To confirm that PRL induced AP-1 activity was not a result of PRL-induced increases in cell cycle progression (26), we pretreated cells with cell cycle inhibitors for 24 h (1 mM hydroxyurea or 100 ng/ml nocodazole to block the cells in G0/G1 or G2/M, respectively). PRL-induced AP-1 activity was slightly, but not significantly, lower in the presence of both hydroxyurea and nocodazole (Fig. 1C), demonstrating that PRL can activate AP-1 independently of effects on the cell cycle.
PRL binding to the lPRLR initiates multiple signaling cascades in mammary epithelial cells, although the Jak2/Stat5 pathway has been the most studied (reviewed in Refs. 1, 6, and 7). Moreover, several pathways have been shown to be involved in PRL-induced proliferation in our cell model (27). To determine the proximal pathways important for PRL signaling to AP-1 in this system, we used dominant negative (DN) constructs or selective inhibitors for Jak2, c-Src, PI3K, and PKC. As shown in Fig. 2, many pathways also mediate PRL signals to AP-1. Transfection with DN Jak2 (as well as treatment with AG490; data not shown) completely blocked PRL activation of AP-1 without altering unstimulated levels, indicating a critical role for this kinase. DN Src (as well as PP1, data not shown) decreased, but did not eliminate, PRL-induced activity, as did the selective inhibitors for PI3K and PKC, LY294002, and Bisindolylmaleimide II (BisII), respectively.

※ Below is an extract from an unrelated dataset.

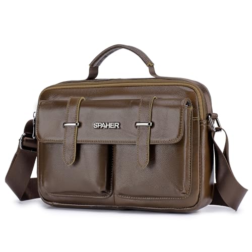 SPAHER Herr kvinnor Äkta Läder Axelväska Handväska 11 Tums Ipad Business Messenger Bag Ryggsäck Crossbody Casual Tote Sling Resväska Satchel Sportryggsäck Med Justerbar Axelrem, Brun
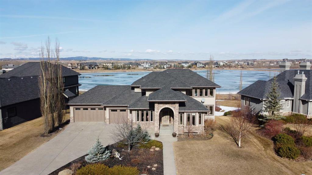 This unique, custom-built one and a half story layout provides a voluminous living area with soaring ceilings and split bedrooms with Primary bedroom located on the main floor offering greater privacy and flexibility. Perfect for aging in place, this forever home is ideal for families, empty nesters, and retirees alike. Positioned perfectly to capture the majestic mountain and lake views, this home is perfectly positioned on an expansive 1/2 acre lot in the exclusive Estate Community of MonTerra on Cochrane Lakes. Upper floor features a bonus room, two bedrooms, and a full bathroom. Perfect for a growing family, this floor plan provides privacy along with a designated space for young adults or guests. The home is awash with light from the many NW facing oversized windows throughout all levels, showcasing the spectacular views. The gourmet kitchen is the heart of this home, including oversized, knotty alder cabinetry, decorative wood hood fan and granite counters tops. Appliances include Sub Zero fridge, Viking 5 burner gas cooktop, Dacor wall oven, and Miele dishwasher. Staying organized is easy with the convenient & roomy walk-through pantry, which leads to a spacious back entrance and fully finished triple garage. Architectural features include a formal dining room with tray ceiling, curved open rise staircase with wrought iron railing, custom built, solid 8’ interior doors and elegant coffered ceiling. Retreat to the Primary bedroom and find tranquility in the views of sunsets and mountains reflecting off the lake, or relax and rejuvenate in the steam shower and soaker tub in the spa-like ensuite. The fully finished walk out basement includes two more bedrooms, two zones of in-floor heating, a wet bar with built in cabinets, a theatre room with a projector, and a spacious games/recreation area, which has recently been updated with luxury vinyl plank flooring. Walk out on to a perfectly landscaped oasis of a backyard, where maintenance is a breeze with underground irrigation. Keep your pets safe and secure with the already installed invisible fence system. Miles of pathways circle the lakes and weave throughout the community providing incredible scenery for walking, while common area gazebos, playgrounds, and ice skating brings the community together all year round. Garbage removal included in condo fee- recycling optional & paid separately. Water: Horse Creek Water Co-op includes sewer. interior of this beautiful home features fresh paint, newly refinished hardwood floors, tile, and new carpet. The only thing left to do is move in & start your next chapter!

The failure of these agents to completely block PRL-induced activity suggested that c-Src, PI3K, and PKC are all important for maximal PRL induction of AP-1, but are not required. DN Src, LY294002, and BisII also reduced unstimulated AP-1 activity, perhaps due to inhibition of signals initiated by factors secreted during the preincubation period. In contrast, treatment with other inhibitors such as ICI 182,780 had no effect on PRL-induced AP-1 activity (data not shown). This array of proximal kinases that mediate PRL activation of AP-1 is consistent with the ability of PRL to stimulate these pathways in various cell types (reviewed in Refs. 6 and 14), and the demonstrated roles of these kinases in initiation of MAPK cascades, critical for AP-1 activation (reviewed in Refs. 18 and 26).

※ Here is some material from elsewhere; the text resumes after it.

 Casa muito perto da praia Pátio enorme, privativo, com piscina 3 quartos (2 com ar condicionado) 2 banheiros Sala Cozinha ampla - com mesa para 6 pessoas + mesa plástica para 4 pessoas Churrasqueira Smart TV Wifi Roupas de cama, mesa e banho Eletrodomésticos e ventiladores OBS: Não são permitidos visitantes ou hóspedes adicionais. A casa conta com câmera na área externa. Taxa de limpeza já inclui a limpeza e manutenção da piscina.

AP-1 family members have been shown to be activated by phosphorylation cascades, especially those involving the MAPKs, to enhance their transcriptional activity and/or increase their synthesis (reviewed in Refs. 9 and 22). To investigate the ability of PRL to activate MAPKs in this cell line, cells were treated over a short time course with PRL, and cell lysates were analyzed for MAPK phosphorylation, which is associated with activation of these proteins. As shown in Fig. 3, PRL strongly and transiently induced ERK1/2 and ERK5 phosphorylation within 15 min and 5 min, respectively. Activation of JNK1/2 and p38 was apparent at 5 min and remained elevated for at least 135 min. These results indicated that many possible mechanisms are available to PRL to activate AP-1.

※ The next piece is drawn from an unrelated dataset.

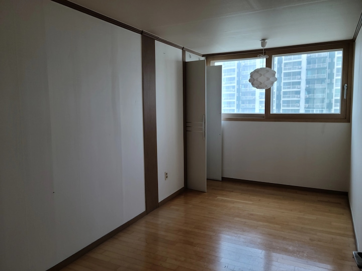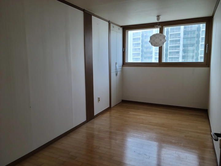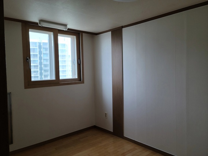 사진은 짐이 다 빠진 상태지만 처음 집을 보러 왔을 때 침대 헤드 쪽에 콘센트가 없어 멀티탭 선이 침대 양옆 바닥을 가로지르며 불편해 보이는 상태였어요.

To further investigate the role of ERKs in PRL-induced AP-1 activity, we used the selective ERK inhibitors, PD98059 and U0126. Although, historically, these compounds have been used as specific inhibitors for the MEK1/2-ERK1/2 cascade, it has been shown recently that PD98059 and U0126 blocked EGF-stimulated ERK5 phosphorylation in HeLa cells (33) and may also inhibit other unknown signaling cascades. As shown in Fig. 4A, PD98059 decreased PRL-induced ERK1/2 phosphorylation only moderately and had no effect on PRL-induced ERK5 or JNK1/2 phosphorylation. However, U0126 blocked the PRL-induced ERK1/2 phosphorylation, without affecting ERK5 phosphorylation. Although it slightly decreased levels of phosphorylated JNK1/2 in unstimulated cells, U0126 did not alter the magnitude of the PRL response. We therefore used U0126 to further investigate PRL activation of AP-1. This compound blocked PRL induction of AP-1 (Fig. 4B), suggesting that ERK1/2 are involved.
To confirm the results with U0126, we examined the role of ERK1/2 using dominant negative (DN) ERK1 and ERK2 constructs (Fig. 4C). Cotransfection with DN ERK1/2 dramatically decreased PRL-induced AP-1 activity from about 4-fold to 1.5-fold, and slightly decreased unstimulated activity. However, the response was not completely blocked, and transfection of additional DN ERK1/2 did not further reduce the response (data not shown), suggesting that additional kinases were involved. To investigate other MAPKs, we employed DN JNK1/2, DN ERK5, kinase-dead p38α (p38αKD) constructs, and the p38-selective inhibitor, SB202190. As shown in Fig. 4D, JNK1/2, ERK5, and p38α were less important than ERK1/2, but all played roles in maximal activation of AP-1 by PRL. SB202190 (10 μM) had an effect similar to the p38α KD construct (data not shown). JNK1/2 were also important for maintenance of unstimulated AP-1 activity. Overexpression of the JNK-interacting protein-1 (JIP-1), which binds JNKs in the cytoplasm and inhibits their action (34), confirmed the findings with DN JNK1/2. As shown in Fig. 4E, JIP-1 overexpression resulted in a dose-dependent decrease in both un-stimulated activity as well as PRL-induced activity. Together, these data indicate that ERK1/2 are the most critical MAPKs involved in PRL-induced AP-1 activity in this model system, whereas JNK1/2 are critical determinants of unstimulated and therefore potential maximal activities. ERK5 and p38 play minor roles in PRL-induced AP-1 activity.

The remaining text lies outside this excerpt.